In the previous paragraphs we have presented several properties that are similar to the PT, however, an important question remains unanswered. What is the impact of introducing dependence in the random variables within the levels of the tree? To respond to this question we study the correlation in the induced measures for two different sets in the same level, say P(B_mj ) and P(B_mj′). For that we consider a finite tree rPT(Π₂, Inline graphic , ) that consists of only M = 2 levels, say

\begin{array}{l} B_{11} ∣ B_{12} \\ B_{21} ∣ B_{22} ∣ B_{23} ∣ B_{24} \end{array} .

(4)

For each B_mj there is a random variable Y_mj, which in the stationary case is defined by

Y₁₁ ~ Be(α₁, α₁), Y₁₂ = 1 − Y₁₁, for level 1, and
Y₂₁ ~ Be(α₂, α₂), Y₂₂ = 1 − Y₂₁, Z₂₁ | Y₂₁ ~ Bin(δ₂₁, Y₂₁), Y₂₃ | Z₂₁ ~ Be(α₂ + Z₂₁, α₂ + δ₂₁ − Z₂₁), Y₂₄ = 1 − Y₂₃, for level 2.

The marginal variance for the random measure of any partitioning sets at level 2 is the same, that is, var{P(B₂_j)} = {2(α₁ + α₂) + 3}/{16(2α₁ + 1)(2α₂ + 1)} for all j = 1, …, 4. It is straightforward to show that the correlation of the measures assigned to two sets at level 2 are:

\begin{array}{l} ρ_{12} = corr {P (B_{21}), P (B_{22})} = \frac{2 (α_{2} - α_{1}) - 1}{2 (α_{1} + α_{2}) + 3}, \\ ρ_{13} = corr {P (B_{21}), P (B_{23})} = \frac{δ_{21} (2 α_{1} - 1) - 2 α_{2} (2 α_{2} + δ_{21} + 1)}{(2 α_{2} + δ_{21}) {2 (α_{1} + α_{2}) + 3}} and \\ ρ_{14} = corr {P (B_{21}), P (B_{24})} = \frac{- δ_{21} (2 α_{1} + 1) - 2 α_{2} (2 α_{2} + δ_{21} + 1)}{(2 α_{2} + δ_{21}) {2 (α_{1} + α_{2}) + 3}} . \end{array}

Finally due to symmetry in the construction, corr{P(B₂₂), P(B₂₃)} = ρ₁₄, corr{P(B₂₂), P(B₂₄)} = ρ₁₃ and corr{P(B₂₃), P(B₂₄)} = ρ₁₂.
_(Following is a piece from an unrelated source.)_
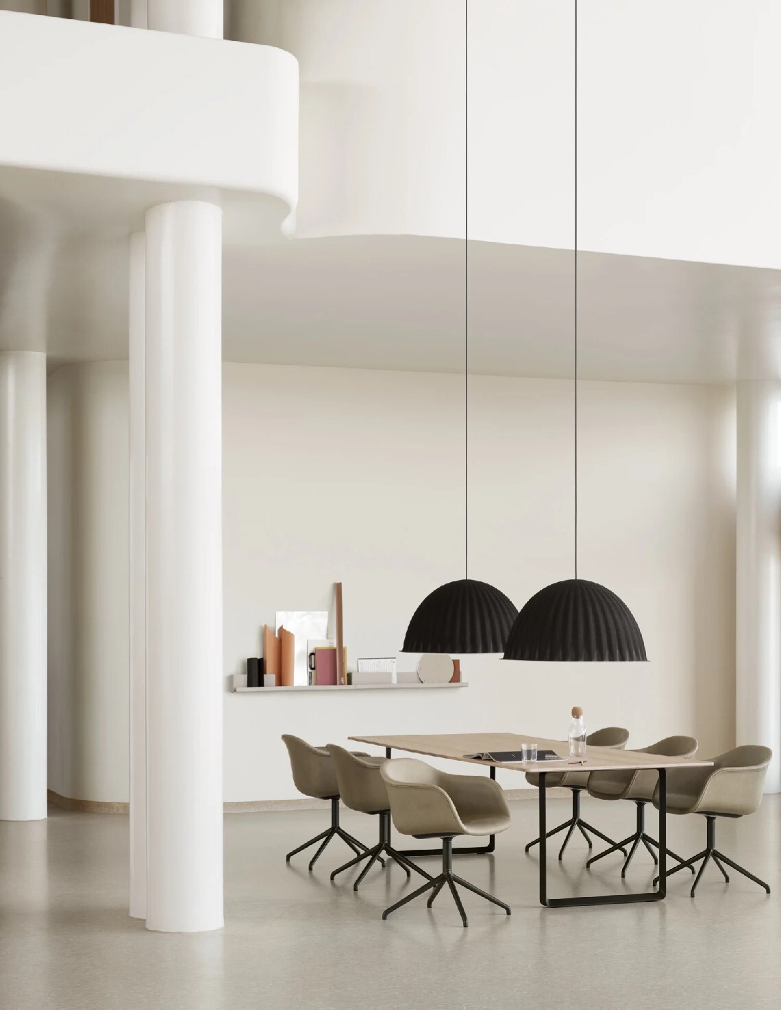 Designed in a material that uses up to 41% fibers from recycled plastic bottles, the Under The Bell Pendant Lamp not only brings a tactile and modern expression to any space but also impacts the acoustics of a room through its soft shade, paired with its graphic lines and subtle color palette.
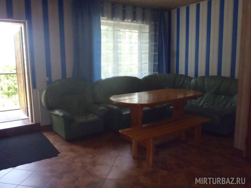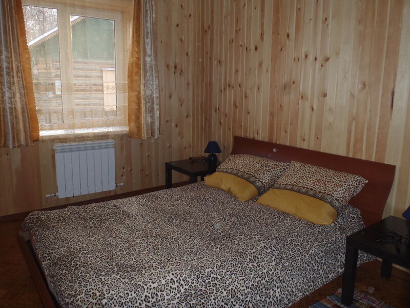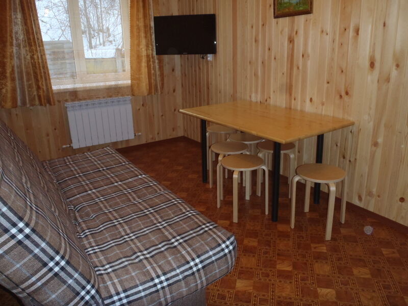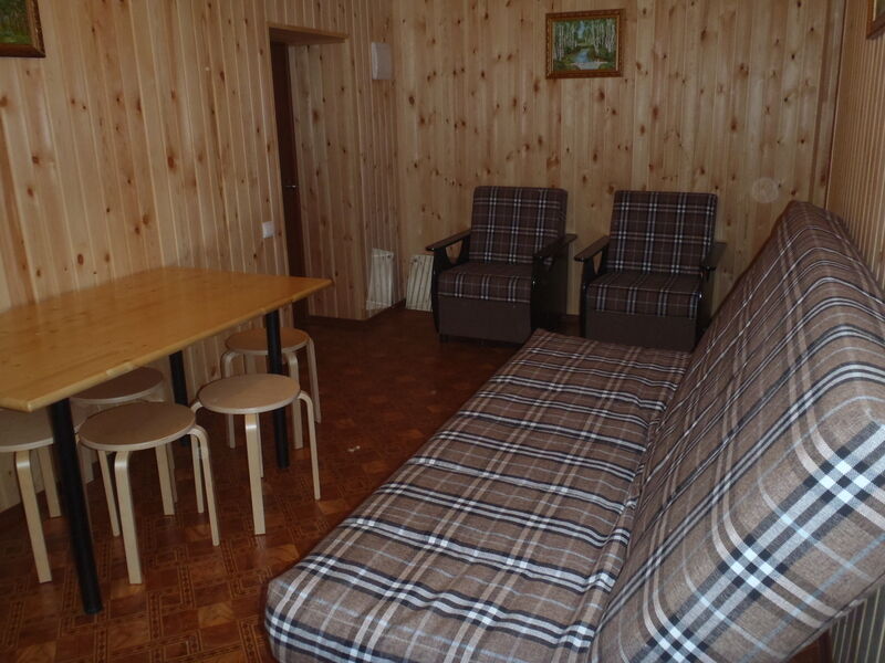 В коттедже 2 спальни, гостиная, одна двуспальная и две 1,5-спальные кровати, диван раскладной, два кресла, ТВ, санузел, кухонная зона, холодильник, набор посуды, чайник, электроплита, стол, микроволновка.

For illustration we concentrate on two cases for α_m, namely a/2^m to define a discrete measure, and am² to define a continuous measure for m =1, 2. In both cases a > 0. We write ρ_ij (a, δ₂₁) to highlight the dependence on a and δ₂₁.

Figure 2 depicts the correlation function ρ_ij (a, δ₂₁) for a ∈ (0, 20) and δ₂₁ = 0, 1, 10, 100. The panels in the first row correspond to the case when the rPT defines a discrete measure. The solid line in the three panels, obtained by taking δ₂₁ = 0, shows the correlation in a Dirichlet process, this turns out to be constant for all a > 0 and takes the value of −1/3. Starting from this Dirichlet case, as we increase the value of δ₂₁ we see that the correlation ρ₁₃ (first row, middle panel) increases as δ₂₁ increases, even becoming positive for δ₂₁ = 10, 100 and for approximately a > 3, whereas ρ₁₄ becomes more negative as δ₂₁ increases. This complementary effect between ρ₁₃ and ρ₁₄ simply reflects the fact that the measures P(B₂_j), j = 1, …, 4 need to add up to 1. Note that there is only one (solid) line in the two panels of the first column. This is because the two measures for this case, only involve one variable Y_mj for each row and the value of δ₂₁ does not change the marginal Be(α_m, α_m) distribution in the stationary case.

The second row in Fig. 2 corresponds to a continuous rPT. If we take δ₂₁ = 0 (solid line in the three panels) the correlation in the rPT correspond to that of a continuous PT. We can see that the second and third panels show negative correlation functions, whereas the first panel (ρ₁₂) presents a positive correlation except for values of a close to 0. In this continuous setting (second row), the effect of δ₂₁ > 0 on the correlations is not as evident as in the discrete case (first row). However, a similar behaviour as in the discrete case exists. A larger value of δ₂₁ increases the correlation ρ₁₃, making it less negative, and decreases the correlation ρ₁₄, making it more negative. This effect is stronger for smaller values of a.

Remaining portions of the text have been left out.